Erin trained in jazz and tap dancing from the age of 4, receiving honours in Advanced R.A.D Examinations. Throughout her schooling, she performed in orchestras, big bands, choirs, wind ensembles and many musicals.

Her amateur theatre credits included lead roles in Anything Goes (Reno Sweeney), Beauty and the Beast (Belle), Annie (Lily) and Fame (Carmen). Upon graduating from Cairns State High School in 2006, Erin moved to Sydney to pursue her dreams, to study on scholarship at the Sydney Conservatorium of Music.

Education

Holland is a classically trained soprano singer holding a Bachelor of Classical Voice degree from the Sydney Conservatorium of Music.

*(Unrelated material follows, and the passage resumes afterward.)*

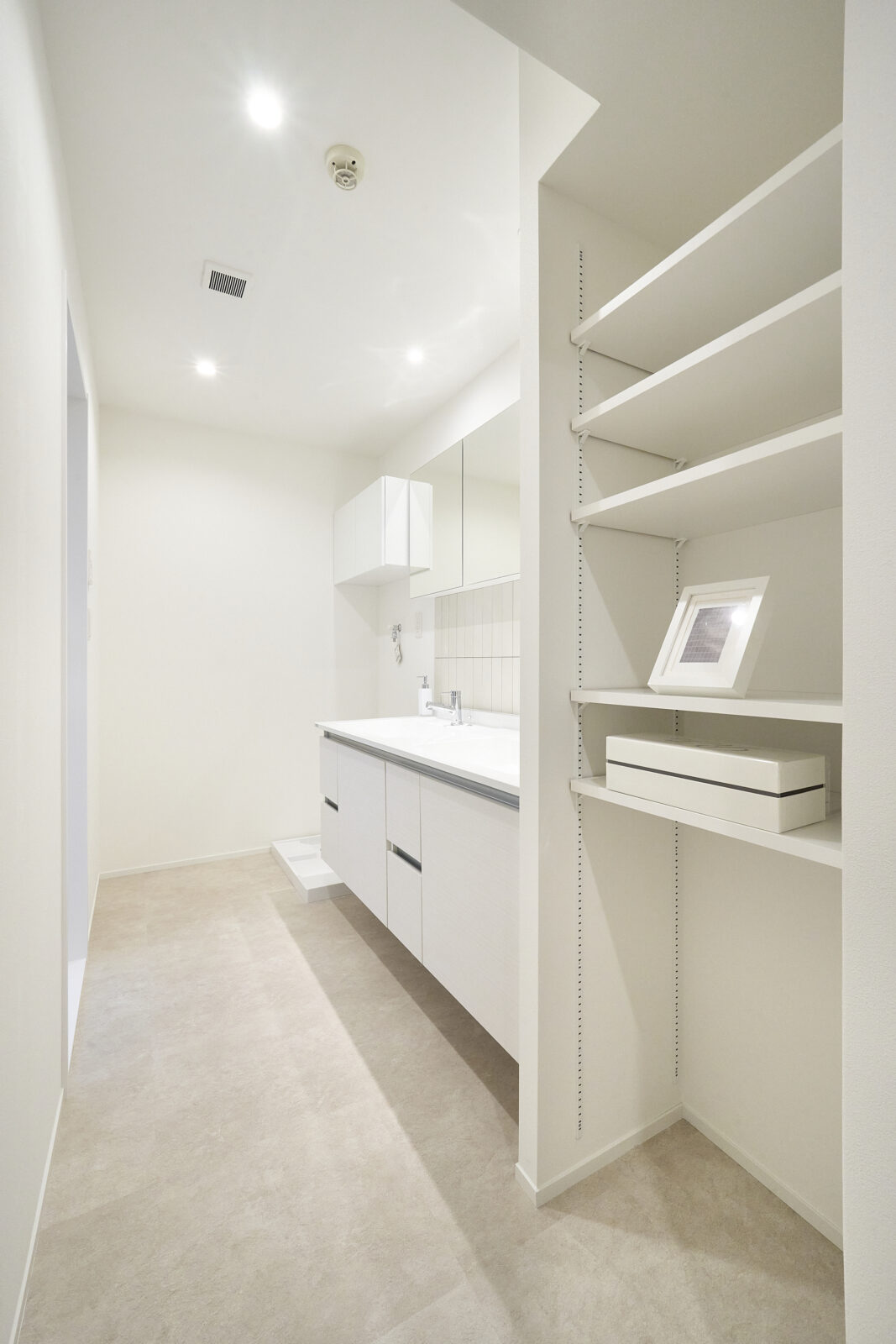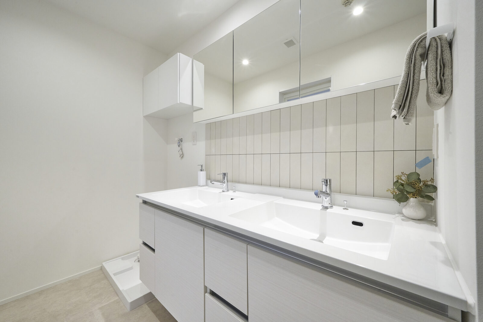 と顔を合わせる朝の洗面室。広々としたツーボウルの洗面台なら、慌ただしい時間帯でも家族が並んで、ゆったりと身支度を整えられます。肩を並べて歯を磨いたり、鏡越しに今日の予定を話したり。物理的なゆとりが、忙しい朝の心に「優しさ」という余白を届けてくれます。正面にはキッチンと同じタイルを採用し、横には収納スペースを設けているので、常にスッキリとした空間を保てます。

She received a scholarship after graduating from Cairns State High School in 2006. Erin also received a Music Scholarship from The Women's College, University of Sydney, where she lived throughout the 4 years of her bachelor's degree.

She has achieved advanced qualifications in Classical Voice, Clarinet and Theory A.M.E.B examinations, as well as Jazz and Tap dance examinations.

Modeling career

Miss World Australia 2013 
Holland beat 32 finalists to be crowned Miss World Australia on 20 July 2013. For the talent component of the competition, Holland sang "Maybe This Time" from the 1972 musical film Cabaret, receiving first place, and Miss World Australia Talent. She went on to represent Australia in the Miss World International competition in Bali, Indonesia. She credits her success to her wonderful family and friends, and the Miss World Australia organisation.

Miss World 2013 
Holland was awarded the Miss World Continental Queen of Beauty, Oceania on 28 September 2013, placing in the Top 10 of the overall competition out of 130 countries. For the talent component of the competition, she performed "Someone Like You" from the 1990 musical Jekyll & Hyde, where she received first Runner-up, Erin also placed first Runner-up in the coveted Beauty With A Purpose philanthropy component and eighth in Interview.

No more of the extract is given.